Gallic acid, a histone acetyltransferase inhibitor, suppresses β-amyloid neurotoxicity by inhibiting microglial-mediated neuroinflammation

Abstract

Scope: We examined the biological effect of gallic acid (GA) as a nuclear factor (NF)‐κB acetyltransferase inhibitor on microglial‐mediated β‐amyloid neurotoxicity and restorative effects on the Aβ‐induced cognitive dysfunction.

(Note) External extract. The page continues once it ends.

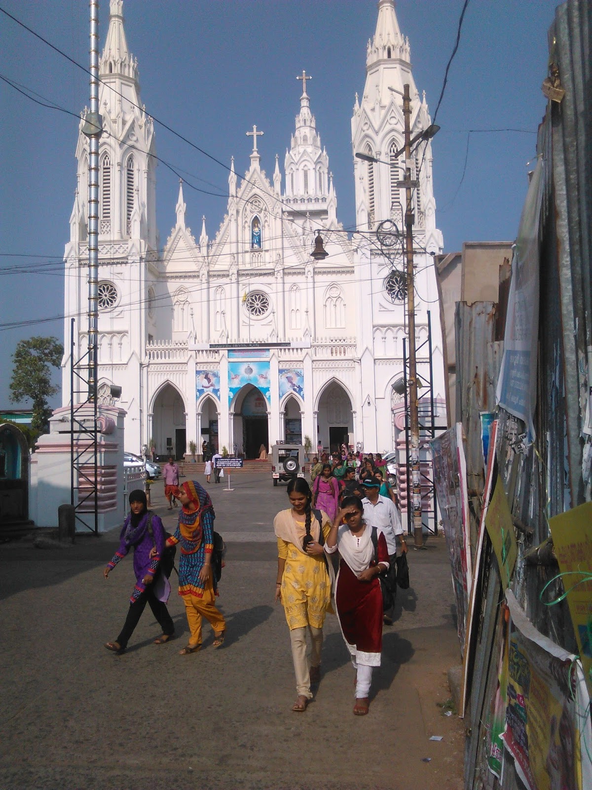 Well once again my vacation hasn’t gone as planned.  After two days on the train, which went surprising smoothly with mostly just a lot of reading as well as meeting a very nice man who bought me Chai while we talked. I’m in Thrissur right now, a town in the region of Kerala. Kerala is beautiful and green if not humid and scorching hot. Anyway,  while as a white person I am not allowed into the temple I most wanted to go. The Catholic Church has no racially discriminating rules and gladly let me come in and view the beautiful cathedral dedicated to Mary (I think). Of course as always no photos allowed inside so this shot will have to do. I did manage to see am elephant walking across the street. It was AWESOME. But by the time I got around to playing and running after it  had disappeared. Anyway, after walking around and trying to find something worth while to do I finally gave up. Now I’m just eating grapes on my bed, watching a movie and waiting for my midnight train. Next stop, the beach!  I figured,

Methods and results: The protective effects of GA on the survival of neuronal cells were assessed with an MTT assay and a co‐culture system. For the co‐culture experiments, both BV‐2 and primary microglia cells were treated with GA prior to Aβ stimulation, and conditioned media were transferred to Neuro‐2A cells. The mRNA and protein levels of inflammatory cytokines in both microglia and Neuro‐2A cells were assessed with real‐time polymerase chain reaction and western blotting. Inhibition of nuclear factor kappa B (NF‐κB) acetylation with GA treatment resulted in reduced cytokine production in microglia cells and protection of neuronal cells from Aβ‐induced neurotoxicity. Furthermore, we observed a restorative effect of GA on Aβ‐induced cognitive dysfunction in mice with Y‐maze and passive avoidance tests. Finally, we found that GA treatment efficiently blocked neuronal cell death by downregulating the expression of cytokines and the in vivo levels of NF‐κB acetylation.

Conclusion: These results suggest that selective inhibition of NF‐κB acetylation by the histone acetyltransferase inhibitor GA is a possible therapeutic approach for alleviating the inflammatory progression of Alzheimer disease.